В смертности человека нужно видеть домостроительную причину Крестной смерти. Через смерть проходит Богочеловек, и погашает тление, оживотворяет самую смерть. Своею смертью Он стирает силу и власть смерти: «смерти державу стерл еси, Сильне, смертию Твоею»… И гроб становится живоносным, становится «источником нашего воскресения»… В смерти Богочеловека исполняется воскресный смысл смерти — «смертию смерть разруши»…
III
В послании к Евреям апостол изображает искупительное дело Богочеловека как служение Первосвященника… Христос входит в мир сотворить волю Божию. Духом вечным Самого Себя приносит Он Богу, приносит кровь свою в очищение грехов человеческих, и совершается через страдания. С кровию Своею, как с кровию Нового Завета, проходит Он небеса и входит в самое святилище, за завесу… За претерпение смерти увенчивается славою и честью, и садится одесную Бога навсегда… Жертвоприношение начинается на земле и исполняется в небесах, где Христос предстал и предстоит за нас Богу как вечный Первосвященник. «Первосвященник грядущих благ», как Апостол и Архиерей исповедания нашего, как литург истинной скинии и святилища Божия… Через смерть Христа открываются силы или возможности будущего века, dun?meij te msllontoj a«inoj… В крови Иисуса открывается путь новый и живой, путь в тот вечный покой, каким почил Бог от дел Своих…

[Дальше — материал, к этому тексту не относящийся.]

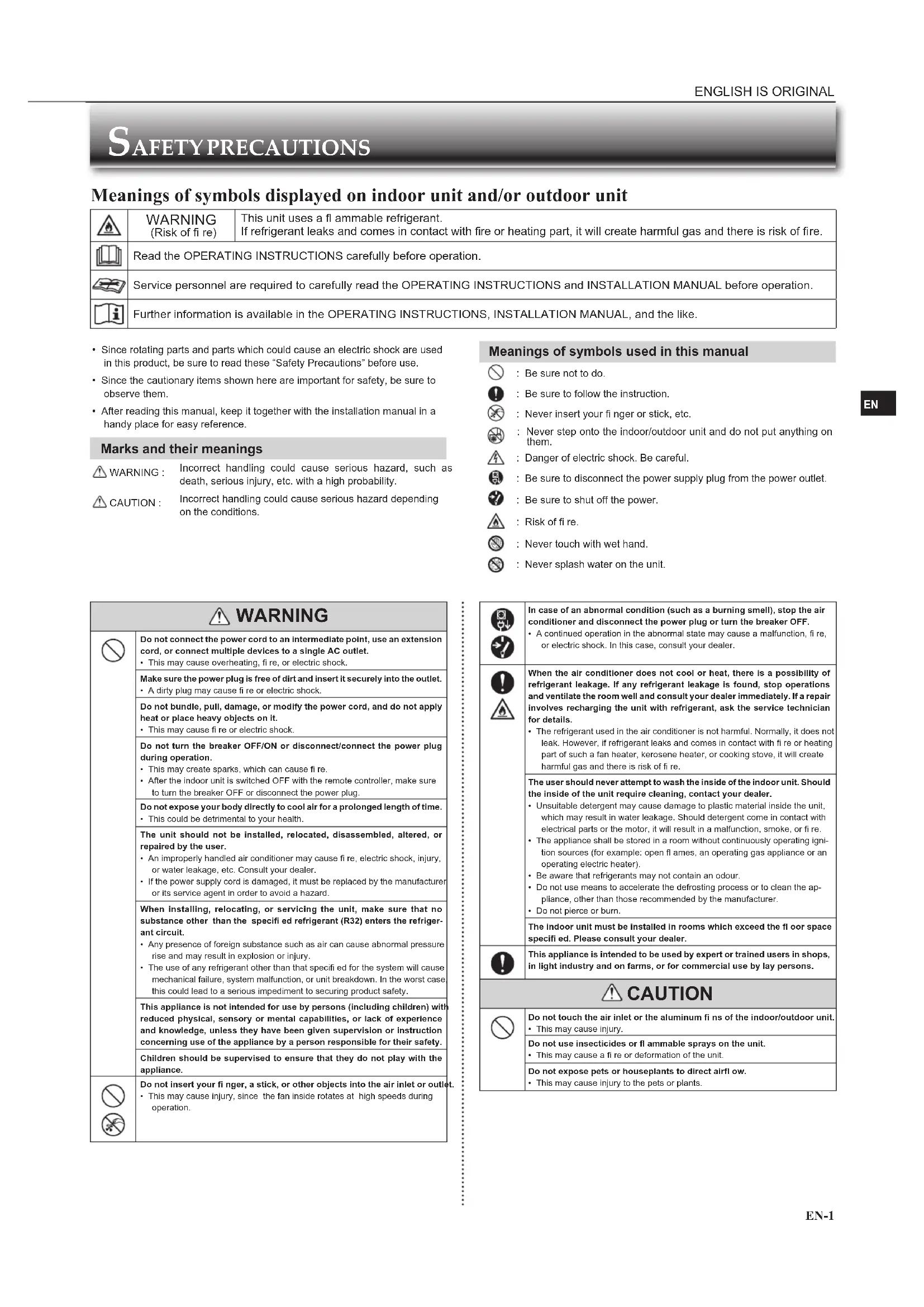 EN-1 WARNING Do not connect the power cord to an intermediate point, use an extension cord, or connect multiple devices to a single AC outlet.• This may cause overheating, fi re, or electric shock.Make sure the power plug is free of dirt and insert it securely into the outlet.• A dirty plug may cause fi re or electric shock.Do not bundle, pull, damage, or modify the power cord, and do not apply heat or place heavy objects on it.• This may cause fi re or electric shock.Do not turn the breaker OFF/ON or disconnect/connect the power plug during operation.• This may create sparks, which can cause fi re.• After the indoor unit is switched OFF with the remote controller, make sure to turn the breaker OFF or disconnect the power plug. Do not expose your body directly to cool air for a prolonged length of time.• This could be detrimental to your health.The unit should not be installed, relocated, disassembled, altered, or repaired by the user.• An improperly handled air conditioner may cause fi re, electric shock, injury, or water leakage, etc. Consult your dealer.• If the power supply cord is damaged, it must be replaced by the manufacturer or its service agent in order to avoid a hazard.When installing, relocating, or servicing the unit, make sure that no substance other than the specifi ed refrigerant (R32) enters the refriger-ant circuit.• Any presence of foreign substance such as air can cause abnormal pressure rise and may result in explosion or injury.• The use of any refrigerant other than that specifi ed for the system will cause mechanical failure, system malfunction, or unit breakdown. In the worst case, this could lead to a serious impediment to securing product safety.This appliance is not intended for use by persons (including children) with reduced physical, sensory or mental capabilities, or lack of experience and knowledge, unless they have been given supervision or instruction concerning use of the appliance by a person responsible for their safety.Children should be supervised to ensure that they do not play with the appliance. Do not insert your fi nger, a stick, or other objects into the air inlet or outlet.• This may cause injury, since the fan inside rotates at high speeds during operation.• Since rotating parts and parts which could cause an electric shock are used in this product, be sure to read these “Safety Precautions” before use.• Since the cautionary items shown here are important for safety, be sure to observe them.• After reading this manual, keep it together with the installation manual in a handy place for easy reference. Marks and their meanings WARNING :Incorrect handling could cause serious hazard, such as death, serious injury, etc. with a high probability. CAUTION :Incorrect handling could cause serious hazard depending on the conditions. In case of an abnormal condition (such as a burning smell), stop the air conditioner and disconnect the power plug or turn the breaker OFF.• A continued operation in the abnormal state may cause a malfunction, fi re, or electric shock. In this case, consult your dealer. When the air conditioner does not cool or heat, there is a possibility of refrigerant leakage. If any refrigerant leakage is found, stop operations and ventilate the room well and consult your dealer immediately. If a repair involves recharging the unit with refrigerant, ask the service technician for details.• The refrigerant used in the air conditioner is not harmful. Normally, it does not leak. However, if refrigerant leaks and comes in contact with fi re or heating part of such a fan heater, kerosene heater, or cooking stove, it will create harmful gas and there is risk of fi re.The user should never attempt to wash the inside of the indoor unit. Should the inside of the unit require cleaning, contact your dealer.• Unsuitable detergent may cause damage to plastic material inside the unit, which may result in water leakage. Should detergent come in contact with electrical parts or the motor, it will result in a malfunction, smoke, or fi re.• The appliance shall be stored in a room without continuously operating igni-tion sources (for example: open fl ames, an operating gas appliance or an operating electric heater).• Be aware that refrigerants may not contain an odour.• Do not use means to accelerate the defrosting process or to clean the ap-pliance, other than those recommended by the manufacturer.• Do not pierce or burn.The indoor unit must be installed in rooms which exceed the fl oor space specifi ed. Please consult your dealer.This appliance is intended to be used by expert or trained users in shops, in light industry and on farms, or for commercial use by lay persons. CAUTION Do not touch the air inlet or the aluminum fi ns of the indoor/outdoor unit.• This may cause injury.Do not use insecticides or fl ammable sprays on the unit.• This may cause a fi re or deformation of the unit.Do not expose pets or houseplants to direct airfl ow.• This may cause injury to the pets or plants. Meanings of symbols used in this manual : Be sure not to do. : Be sure to follow the instruction. : Never insert your fi nger or stick, etc. : Never step onto the indoor/outdoor unit and do not put anything on them. : Danger of electric shock. Be careful. : Be sure to disconnect the power supply plug from the power outlet. : Be sure to shut off the power. : Risk of fi re. : Never touch with wet hand. : Never splash water on the unit. SAFETY PRECAUTIONS Meanings of symbols displayed on indoor unit and/or outdoor unit WARNING (Risk of fi re)This unit uses a fl ammable refrigerant. If refrigerant leaks and comes in contact with fi re or heating part, it will create harmful gas and there is risk of fi re. Read the OPERATING INSTRUCTIONS carefully before operation.Service personnel are required to carefully read the OPERATING INSTRUCTIONS and INSTALLATION MANUAL before operation.Further information is available in the OPERATIN

Так Крестная смерть есть жертвоприношение, не только жертва. И приносить жертву не значит только жертвовать. Даже с моральной точки зрения смысл жертвы не в одном только отречении или отказ, но в жертвенной силе любви. Жертва есть не столько пожертвование, сколько посвящение — приношение и дар… И совершающая сила жертвы есть именно любовь (ср.: 1 Кор. 13, 3)… Но жертвоприношение есть больше, чем свидетельство любви — еще и священнодействие… Крестное жертвоприношение есть жертва любви — «Христос возлюбил нас и предал Себя за нас в приношение и жертву Богу, в благоухание приятное» (Еф. 5, 1)… И эта любовь не есть только сострадание и милосердие к падающим и обремененным. Христос предает себя не только за грехи мира, но и ради нашего прославления. Он предает Себя не только за грешное человечество, но за Церковь — чтобы очистить ее и освятить, чтобы соделать ее святою, славною и непорочною (Еф. 5, 25–27)… Сила жертвоприношения — в его очищающем и освящающем действии. И сила Крестной жертвы в том, что она есть путь славы. В ней прославляется Сын Человеческий, и Бог прославляется в нем (Ин. 13, 31)… Первосвященническая молитва Господа была о славе и жизни. «И славу, которую Ты дал Мне, Я дал им» (Ин. 17, 22)… В этом исполнение жертвы… «Так надлежало Христу пострадать и войти в славу Свою» (Лк. 24, 26)…
Сила Крестной смерти не в том, что это смерть неповинная, но в том, что это смерть Богочеловека… «Чтобы нам ожить, — говорит свт. Григорий Богослов, — мы имели нужду в Боге, воплотившемся и умерщвленном» [184] … В этом «страшное и преславное таинство» Крестной смерти… На Голгофе священнодействует воплощенное Слово… И приносит в жертву «собственное» Свое человеческое естество, уже от зачатия воспринятое Им в нераздельное единство Его Ипостаси и в этом восприятии восстановленное во всей первозданной непорочности и чистоте… Во Христе нет особого человеческого лица — есть всецелая полнота человеческой природы, но нет человеческой ипостаси… И на кресте умирает не человек. «Страдал и подвизался подвигом терпения не человек малозначащий, но воплотившийся Бог», — говорил свт. Кирилл Иерусалимский [185] . Можно сказать: умирает Бог, но — по человечеству. «Се бо в мертвецех вменяется в вышних Живый, и в гроб мал странно приемлется» [186] … Это вольная смерть по человечеству Того, кто по неразлучному от человечества Божеству есть Вечная Жизнь, Кто есть Воскресение и Жизнь… Смерть по человечеству, но смерть внутри ипостаси Слово — Слова Воплощенного… И потому смерть воскрешающая…
184
Свт. Григорий Богослов. Orat. 45, in S. Pascha, 28: ™de»qhmen Qeoa sarkomsnou ka? nekroumsnou… (PG 36, 661); ср.: Свт. Василий Великий. In Ps. 48, 4: m»te ?nqrwpon yilon, ?ll’ ?nqrwpon qeOn… (PG 29, 440).
185
Свт. Кирилл Иерусалимский. Catech. 13, 6, PG 33, 780.
186
Канон Великой Субботы, ирмос 8 песни.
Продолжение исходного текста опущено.